The process of developing an online family tree is helpful in that it immediately tells me where I have missing or erroneous information – like the red warning note that says a child was born after the mother’s date of death!  Typo!!

Today I realized my previous write-up did not include any marriage information for Frank Doolittle (1865-1915), son of John and Mary Jane (Tucker) Doolittle. His obit mentioned two married daughters, using their husband’s names of course. So where is the wife?

It did not take long to find this family in the 1900 census, and I don’t know why I didn’t have this information before.

In 1886 Frank Doolittle married Mae Louisa Turner. They had two daughters, Charlotte, born March 1887, and Helen, born November 1889.

In March 1908 Charlotte married Purley H. Lawlor of Willawanna, PA. The couple then lived with his parents, Joseph and Ida Lawlor in Athens, Bradford, PA.  Charlotte and Purley had a daughter, Margaret, born abt 1911.  By 1915 the couple lived in Rochester, New York.

Helen Doolittle married Charles Shaff.  Helen died at her sister’s home in 1933 at the age of 44. I need to find out the circumstances and to find where Charles is buried.

At some point along the way, Frank and Mae were divorced, as I later find her listed as Mae Louise Turner Manley, or Mrs. Earl Manley.

There is lots more information needed for this family.

Wednesday, June 10, 2015

Organizing and Writing your Family History – Start Small


One of the continuing issues in our genealogy club meetings is how to organize research material. Once material is organized, then it becomes easier to write up a family history, something many people are afraid to do.

We are having our annual round table discussion this evening, so I will use my three minutes to show the different ways I have used to keep my research organized, which becomes a natural springboard to writing. I will also volunteer to work one-on-one with anyone needing help writing their family history.

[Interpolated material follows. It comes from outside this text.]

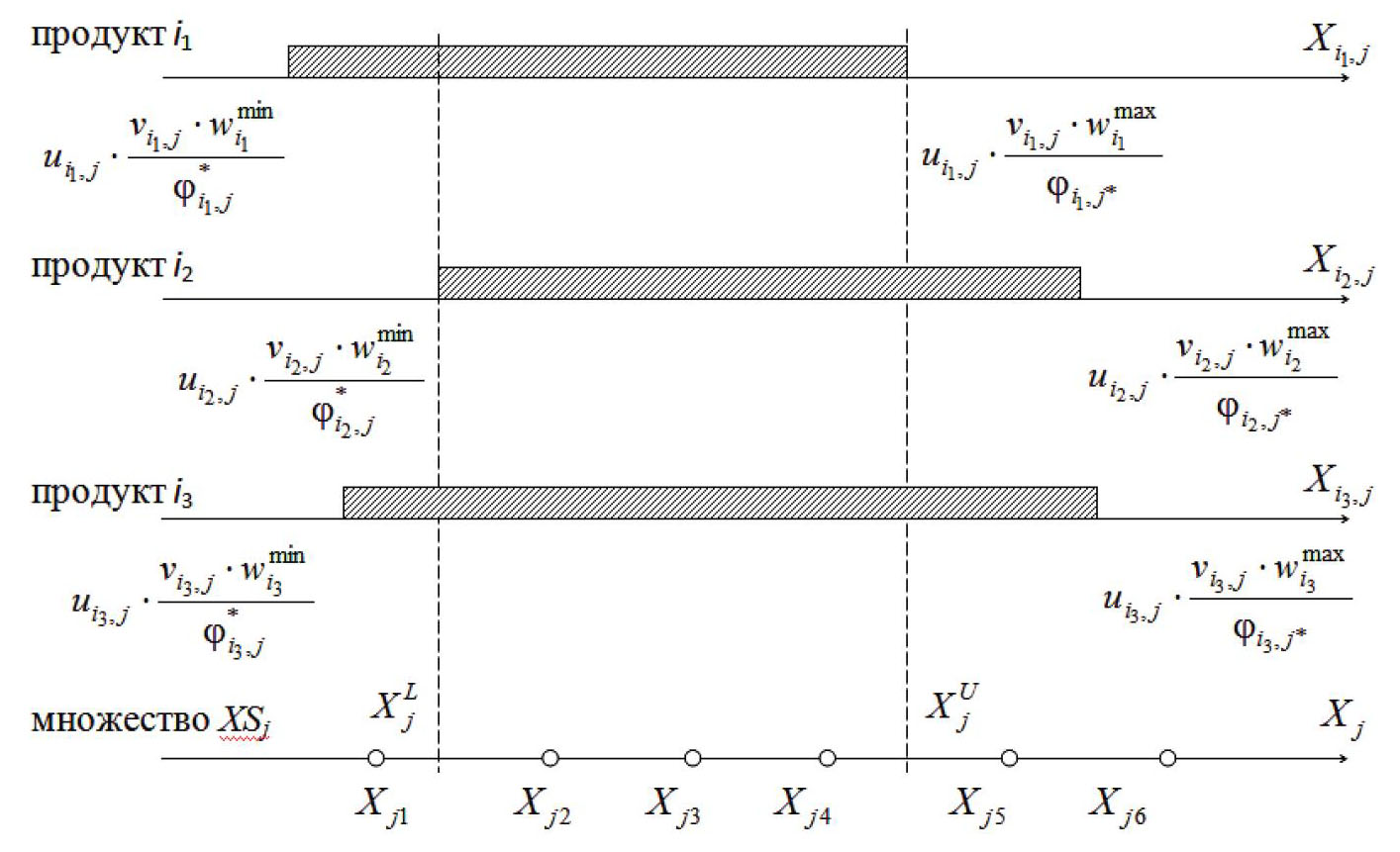 Рис. 5. Иллюстрация к условию (5): для стадии j ∊ Jbᵢ, i =i₁, i₂, i₃: [Xⱼᴸ,Xⱼᵁ]⋂XSⱼ = {Xⱼ₂,Xⱼ₃,Xⱼ₄}
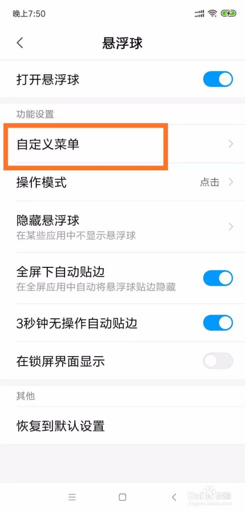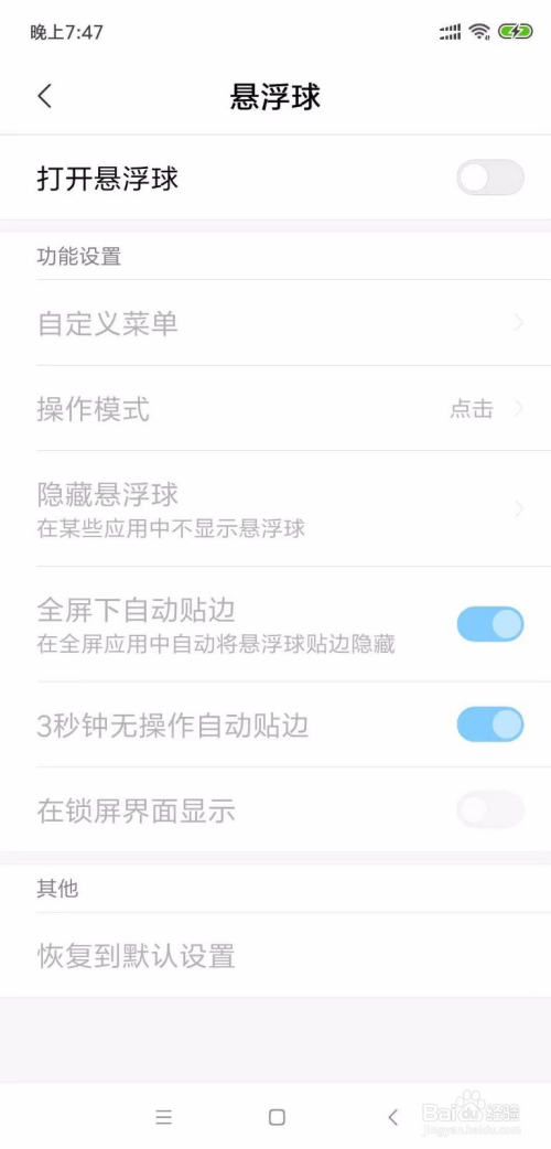 选择【悬浮球】,进入其界面,选择【打开悬浮球】,其操作界面由灰色变亮

This blog came to mind this morning after I received Penny Stratton’s NEHGS blog, “Writing Family History: Start Small.” From an article she read, one quote by John Bond caught her eye, and I think it is worth repeating here: “You are doing a service by leaving a legacy, no matter how small or large.”



Every genealogy conference we attend there is a session on the importance of writing your family history. Genealogy research is never complete, but it is important for segments of your research to be made available for other researchers. Therein is the value of monographs.



Write up what you have. Tell the story of your ancestors. The process will become easier the more you do it. And writing provides another benefit. Through that process you will immediately know the holes in your research.

Saturday, June 6, 2015

Virginia Vital Records on Ancestry


For those of you who follow Dick Eastman’s Newsletter, you noticed his 5 June issue had a blurb about the availability of Virginia Vital Records on Ancestry. Eastman’s announcement reads:

“Governor Terry McAuliffe recently announced the completion of a two-year, public-private collaboration between the Virginia Department of Health (VDH) and Ancestry.com that fully digitizes the state’s vital records. To date, more than 16 million records have been digitized and indexed. Scanned images of the original, public* documents are available online through Ancestry.com. Access to the indexed information on the records is available free of charge through VDH’s Division of Vital Records’ and the Library of Virginia’s websites. So far, birth and death records from 1912 to the present, marriage records from 1936 to the present and divorce records from 1918 to the present have been scanned and are available. Images are available and the records have also been indexed.”

Read carefully.  When you access these records through the VirginiaDepartment of Health or the Library of Virginia, you are immediately sent to Ancestry. The index is free, giving names and dates, but to see the scanned image, in which there is a wealth of information, you have to have an ancestry subscription. Bummer!

Since we have an Ancestry subscription, we were able to access the scanned documents. They are clear, and it was very exciting to see marriage licenses we had processed for Fredericksburg Circuit Court now online!!